I had my reasons for wanting Cabot to handle this himself. Like him or hate him, J. Winston Cabot got things done. When I gave him orders, he executed them as if his next promotion depended on it. The information he brought me would check out; and since he would not be able to enter the summit until he got those dimensions, he’d be fast.
“You better get going, Admiral,” I said. “I’m presenting this afternoon. I need that information before I start my presentation.”
“Yes, sir,” he said. He took one last fawning look at the door to the summit, then put down his coffee and headed off.

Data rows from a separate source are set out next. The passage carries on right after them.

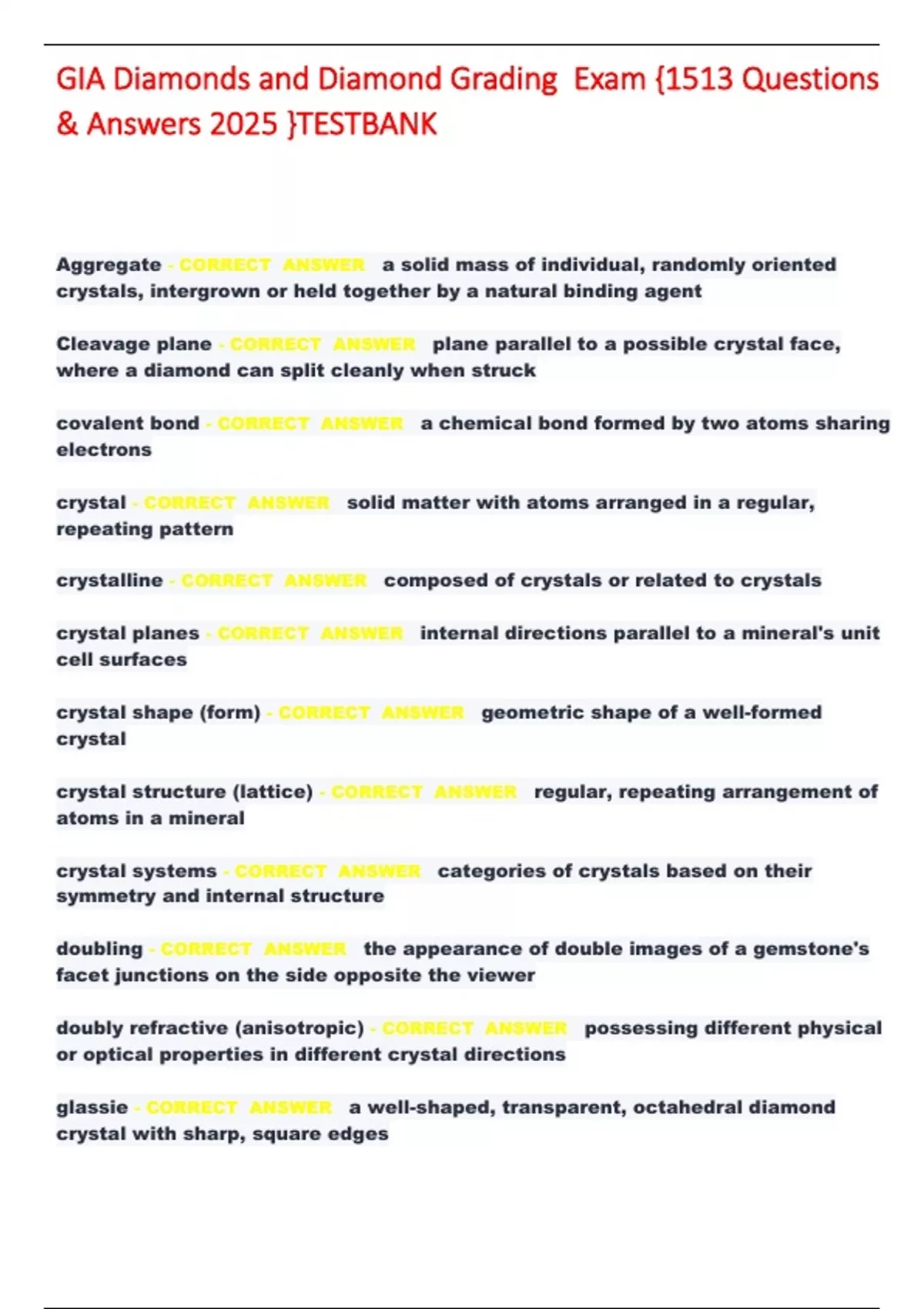 GIA Diamonds and Diamond grading LATEST VERSION QUESTIONS AND ANSWERS WITH STUDY GUIDE DETAILED AND VERIFIED FOR GUARANTEED PASS BUNDLE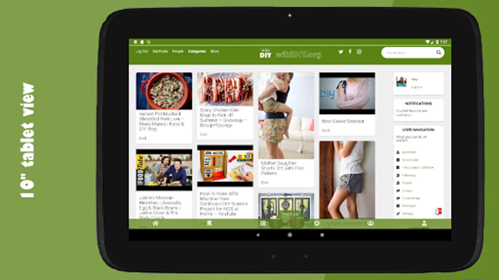 Projects sorted in categories: Animals and pets, Art and Design, Cars and motorcycles, Computers, Crafts, Electronics, Fashion, Food and drink, Games, Gardening, Geek, Gifts, Hair and beauty, Health, Hobby, Holidays and Traditions, Home decor, Home improvement, Humor, Kids, Others, Outdoor, Phones, Sewing and Stitching, Sports and Fitness, Survival, Technology, Toys, Weddings, Woodworking, Youtube DIY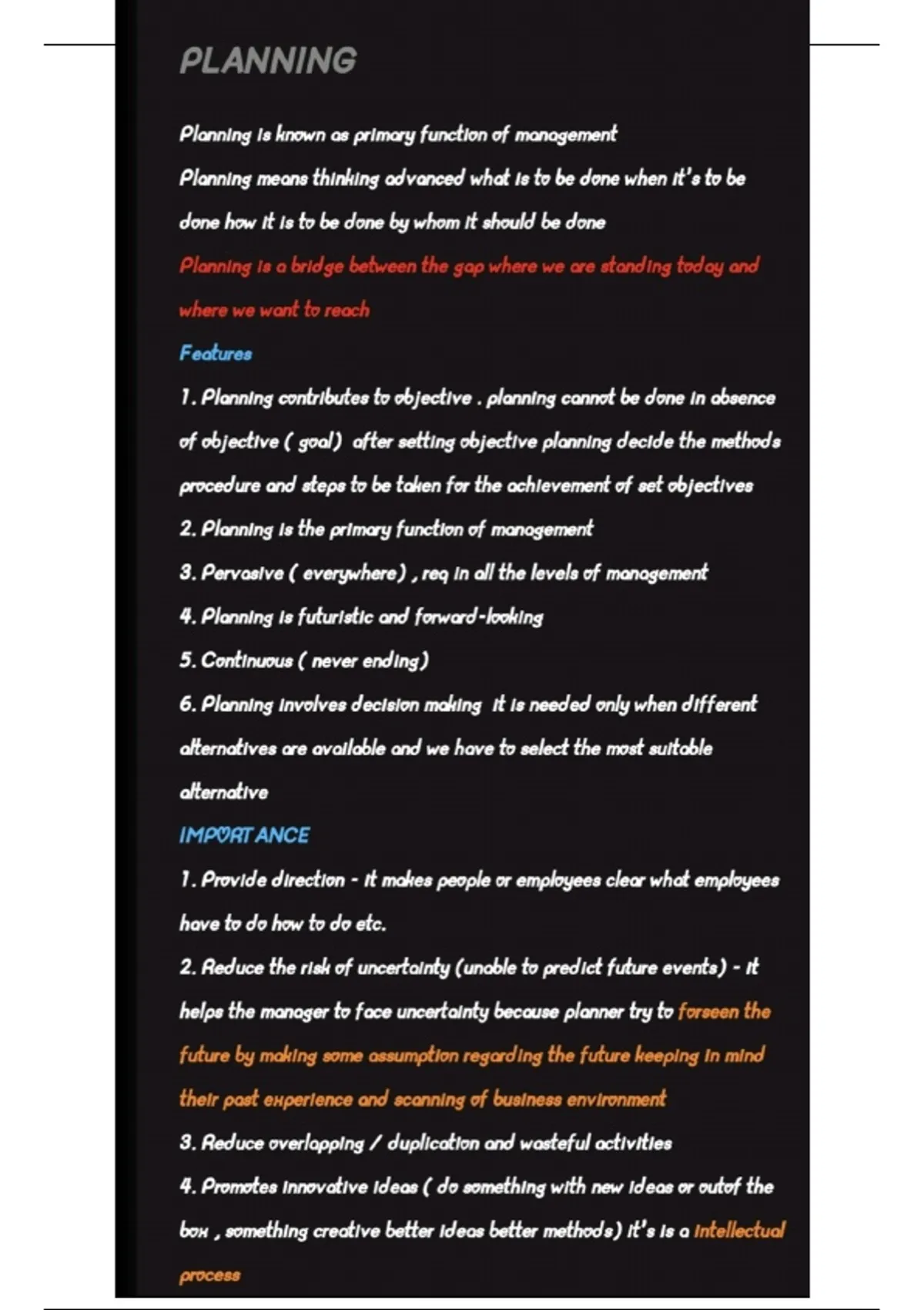 This document outlines planning as a primary management function that involves deciding future actions in advance. It details its features, importance, limitations, a step-by-step process, and the different types of plans, such as single-use and standing plans

The morning’s meetings went quickly. We discussed fleet readiness. Warshaw had run a series of drills to test how quickly he could shift forces to meet an invasion. When he simulated an attack on the Golan Dry Docks in his first exercise, only six fleets responded. While the first ships arrived in thirteen minutes, the bulk took between forty minutes and an hour. The final three ships to arrive on the scene did not broadcast in for three hours.
Heads rolled. High-ranking officers were offered early retirements. Rumor had it that one man shot himself rather than face Warshaw’s wrath.
The next fire drill went better. It took less than ten minutes for the first few carriers to arrive. The entire armada broadcasted in within fifty minutes. Some of those ships went through four broadcast transfers, traveling as many as eighty-three thousand light-years to arrive on the scene.